Re: Yet Another E-mail Validation Question
by Anonymous Monk on Apr 21, 2005 at 08:37 UTC
    I understand that there is no complete regex to actually determine whether an e-mail address is valid/deliverable.
    What's the obsession of people to check for valid email syntax with a regular expression? Checking whether a given email address has a valid syntax (which isn't the same as being deliverable) isn't too hard - it takes a bit of grunt work, but the grammar of RFC (2)822 is pretty straightforward. There are even some CPAN modules out there that do this.

    But doing it with a regex is pretty hard. Yet, people seldomly ask how to check whether an email address is valid - instead, most of them insist on a regex.

Yet another comment on Yet Another E-mail Validation Question
by RatArsed (Monk) on Apr 21, 2005 at 11:48 UTC

    In short: "It can't be done"

    To elaborate; The only way you can tell reliably if an email was recieved, is to see if it is responded to. This also covers the case of people entering other users email addresses, too.

    To do all of this in the timescale of a HTTP request just isn't going to happen.

    My suggestion, as I've implemented before, is do everything in your best interests to see if it's worth trying to send an email (is it syntactically correct, is there an MX record, etc) and email a validation link with a secret in it. -- This seems to be the sort of thing you were suggesting.

    In my experience, end users do twig when the email they've asked for hasn't arrived and sign up again with the email address corrected -- maybe you could look at writing an auto-bounce handler later to flag a warning if they try with that email address again?

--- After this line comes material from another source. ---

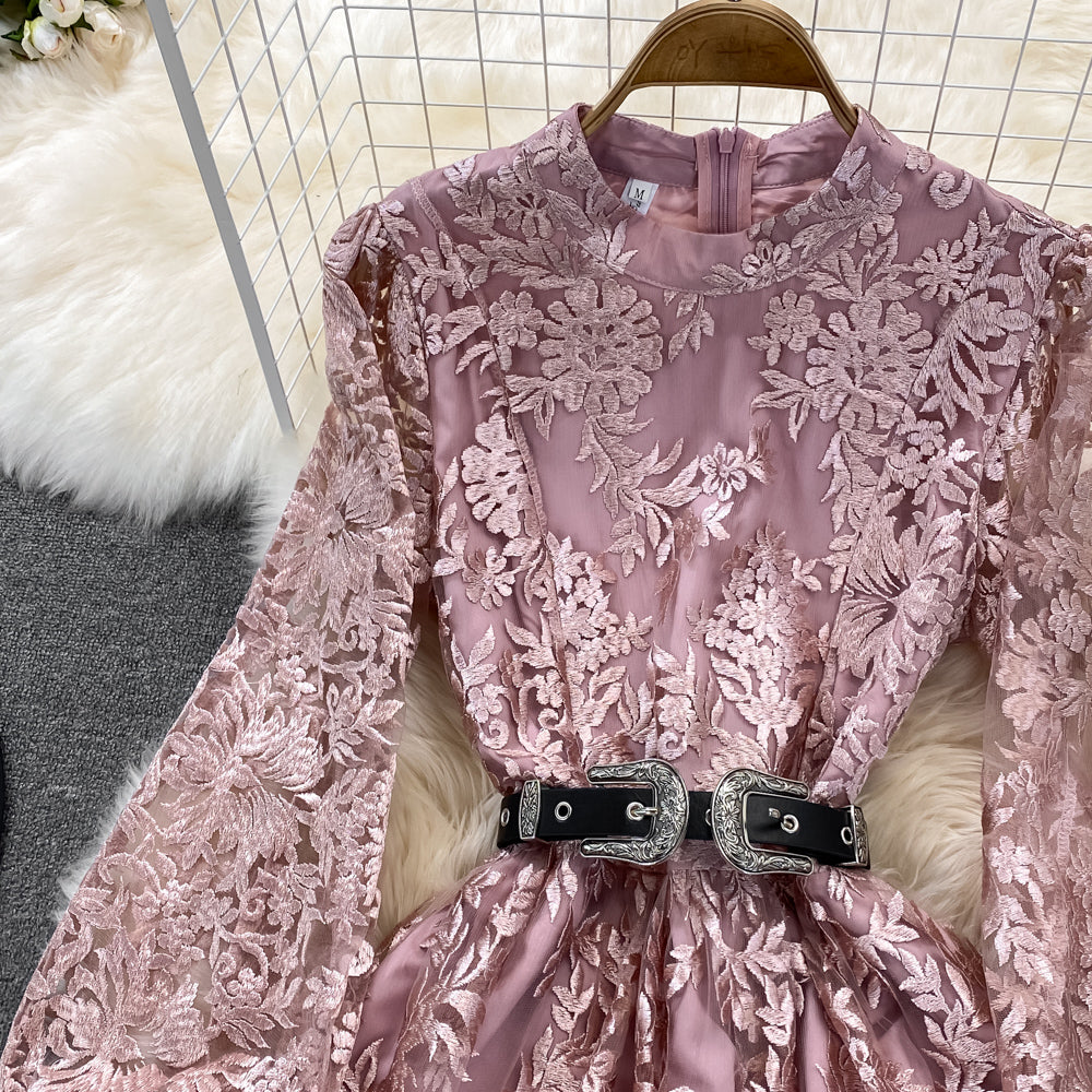 Luxury Temperament Women Stand Up Collar Lantern Long Sleeved Lace Waist A Line Mesh Floral Embroidery Pleated Hem Dress

Re: Yet Another E-mail Validation Question
by gloryhack (Deacon) on Apr 21, 2005 at 14:26 UTC
    I've been using Mail::CheckUser for quite a while, and haven't had any complaints. It provides regex address syntax checking, with optional DNS and/or SMTP checks, and so far I haven't heard a complaint from a user that his valid email address has been rejected.

    I usually just warn the user that the check could take up to 30 seconds, and do the full DNS and SMTP checks while the poor slob waits around. In cases where the wait is considered unacceptable, I just do the DNS checks when the form is submitted (catching things like "aol.cmo"), and then weed the mailing list with the SMTP checks later. qmail and postfix are the main culprits in later bounces, but they're fewer and further between than they would be if we just blindly mailed to all of the syntactically valid addresses.

    Shouldn't your SMTP server be retrying on full mailboxes and other temporary (4xx) errors?

      What is the point of wasting those 30 seconds checking if the email is in a valid domain? Anyone can type george@aol.com and pass your check. I'm not trying to be a pain here, I realy just wonder if there is some other benefit to this method of checking that I have missed. If you arn't checking that it is actualy their email address then it woudl seem there is little point in checking if it is an email address at all.


      ___________
      Eric Hodges

        Checking that the domain is valid, and, to the extent possible, that the email address exists, saves network and server resources that would be otherwise be consumed by rejections from the local SMTP server and bounces from remote SMTP servers.

        Of course anyone who's of a mind to be a pest can sign a disliked person up for a bajillion mailing lists -- that's why a well-designed list server will provide for double opt-in to confirm subscriptions. That's not the problem we're trying to solve here, though, is it?